__Work order__:
Return all of the entries exactly, but do not include the pictures.

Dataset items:
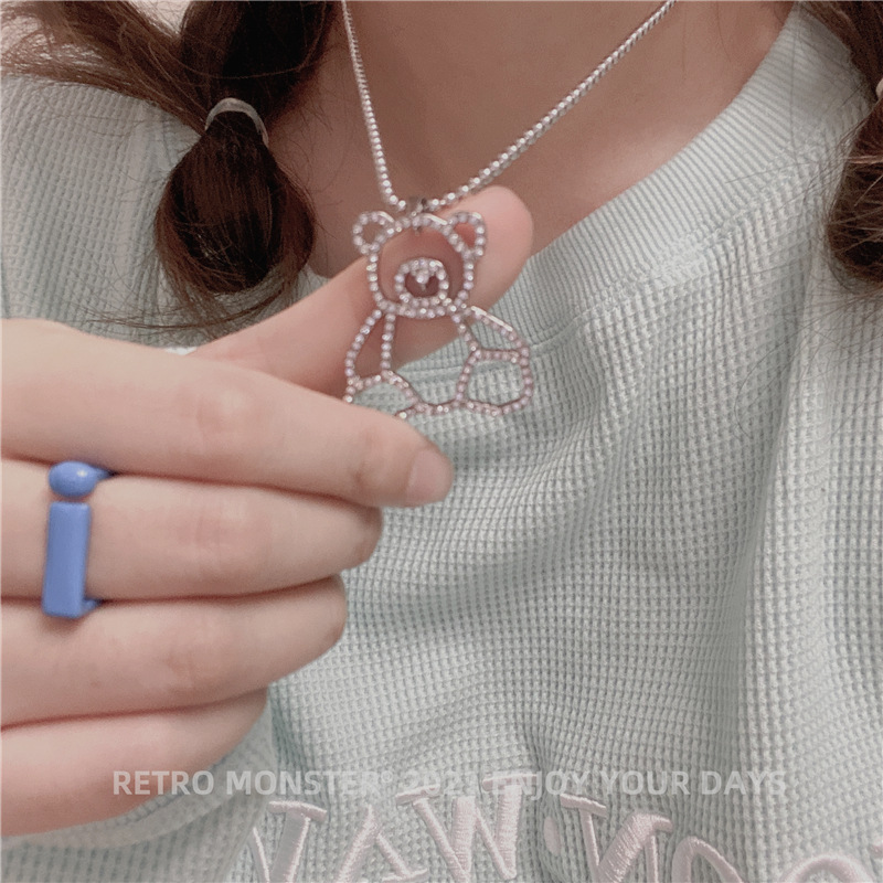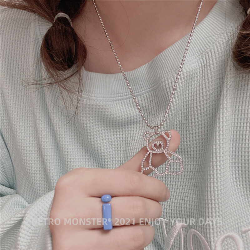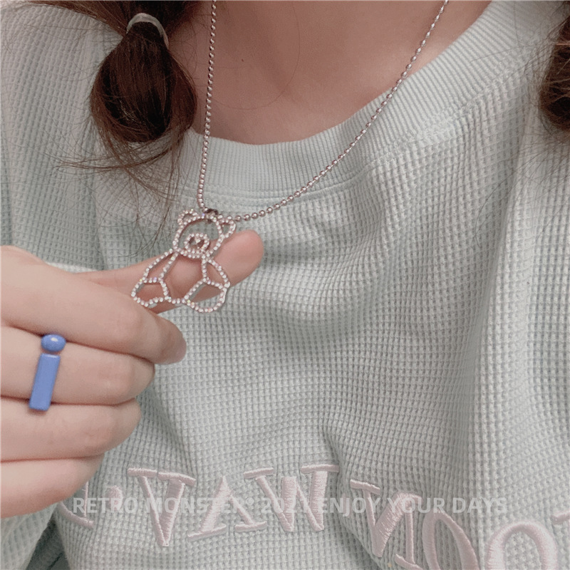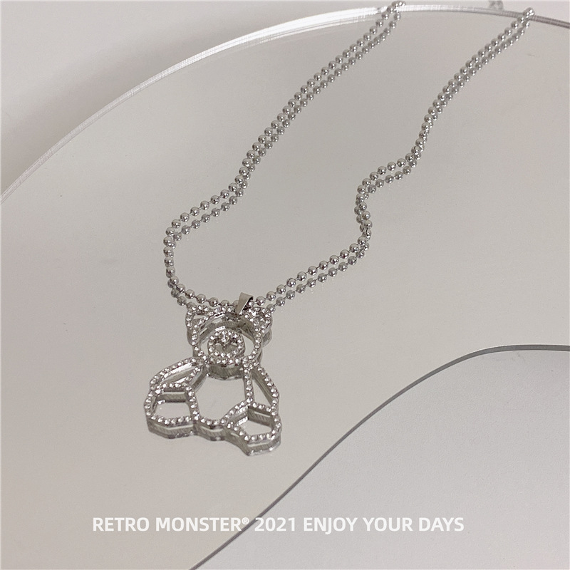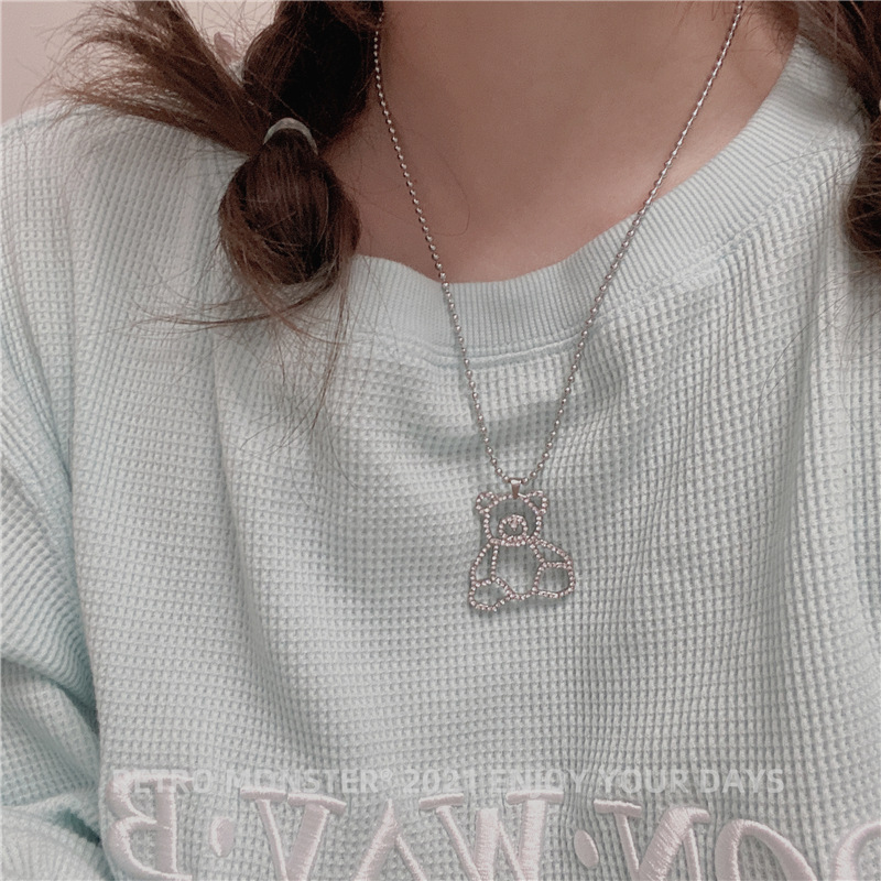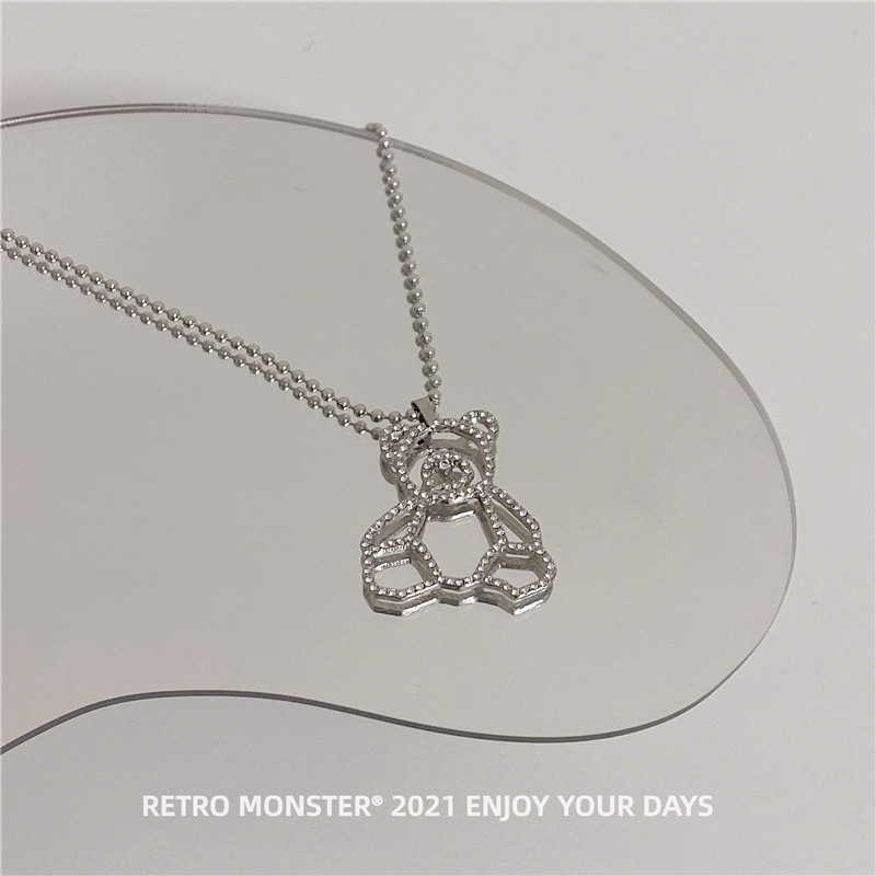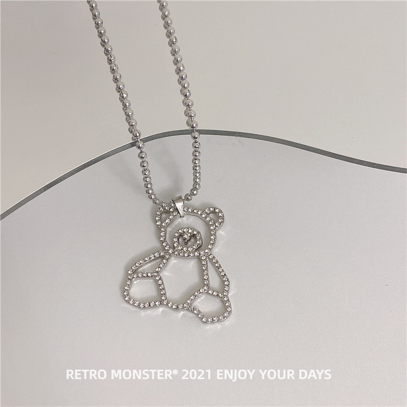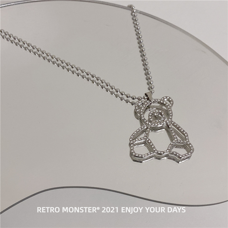 Hip Hop Silver Bear Street Necklace Silver Diamond Bear Titanium Necklace
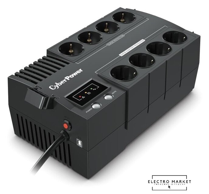 600 Вт, line-interactive, 8 розеток Schuko (евро с заземлением), время автономного питания: до 4 мин (при 100% нагрузке)
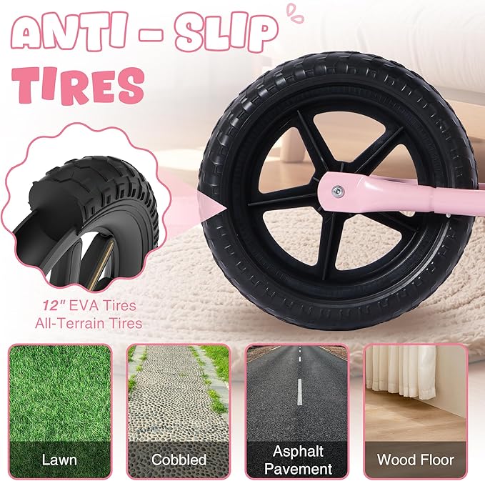 - Multi-Terrain Use Tires: Equipped with durable 12 inch EVA tires, this balance bike can easily navigate various surfaces, such as asphalt pavement, lawn, cobbled, and wood floor, making it perfect for adventures.
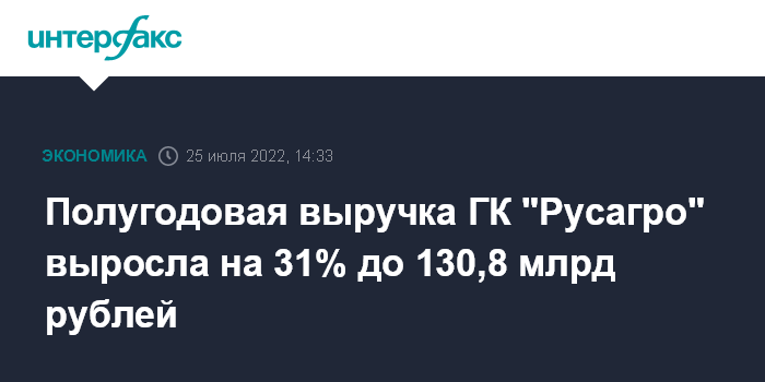 Москва. 25 июля. INTERFAX.RU - Выручка ГК "Русагро" (AGRO), одного из ведущих агрохолдингов России, во втором квартале этого года (до межсегментных элиминаций) составила 66,956 млрд рублей, что на 17% больше, чем в апреле-июне 2021 года, , сообщает компания. В I полугодии выручк группыа выросла на 31%, до 130,8 млрд рублей.
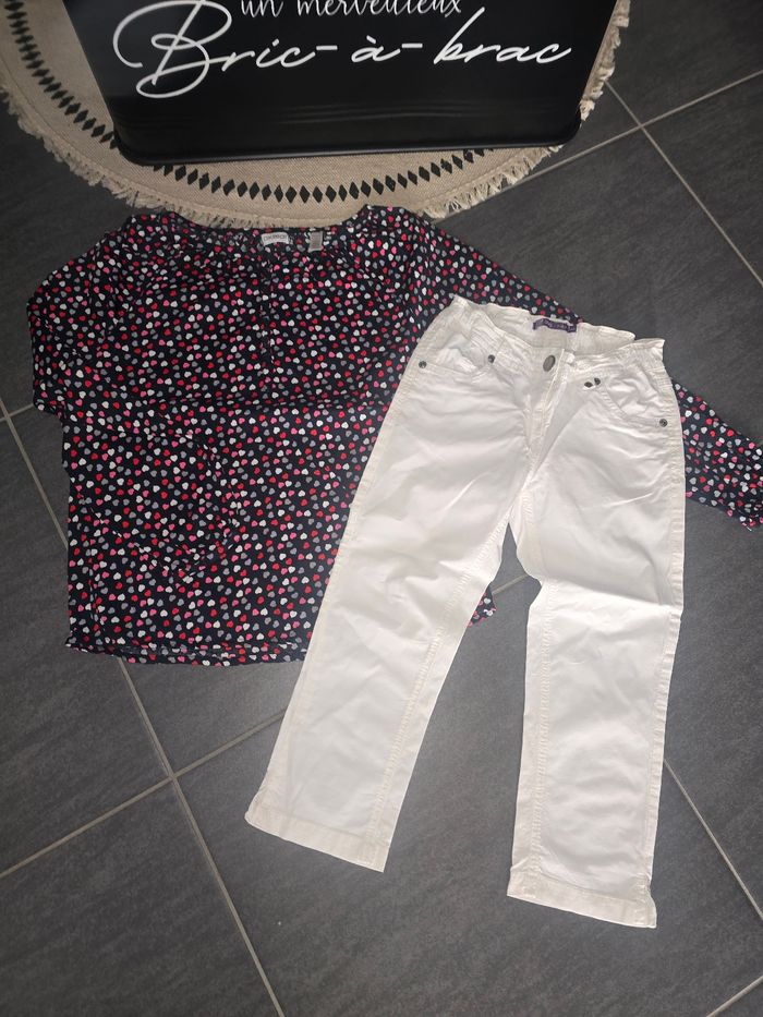 Bonjour 👋 Je vend ce : 👉t-shirt ml okaidi 12 ans Couleur noir rose blanc gris motif cœur ❤️ 👉 pantacourt gemo 12 ans Couleur blanc Maison 🏠 non fumeur et sans animaux

__Output of the exercise__:
 Hip Hop Silver Bear Street Necklace Silver Diamond Bear Titanium Necklace
 600 Вт, line-interactive, 8 розеток Schuko (евро с заземлением), время автономного питания: до 4 мин (при 100% нагрузке)
 - Multi-Terrain Use Tires: Equipped with durable 12 inch EVA tires, this balance bike can easily navigate various surfaces, such as asphalt pavement, lawn, cobbled, and wood floor, making it perfect for adventures.
 Москва. 25 июля. INTERFAX.RU - Выручка ГК "Русагро" (AGRO), одного из ведущих агрохолдингов России, во втором квартале этого года (до межсегментных элиминаций) составила 66,956 млрд рублей, что на 17% больше, чем в апреле-июне 2021 года, , сообщает компания. В I полугодии выручк группыа выросла на 31%, до 130,8 млрд рублей.
 Bonjour 👋 Je vend ce : 👉t-shirt ml okaidi 12 ans Couleur noir rose blanc gris motif cœur ❤️ 👉 pantacourt gemo 12 ans Couleur blanc Maison 🏠 non fumeur et sans animaux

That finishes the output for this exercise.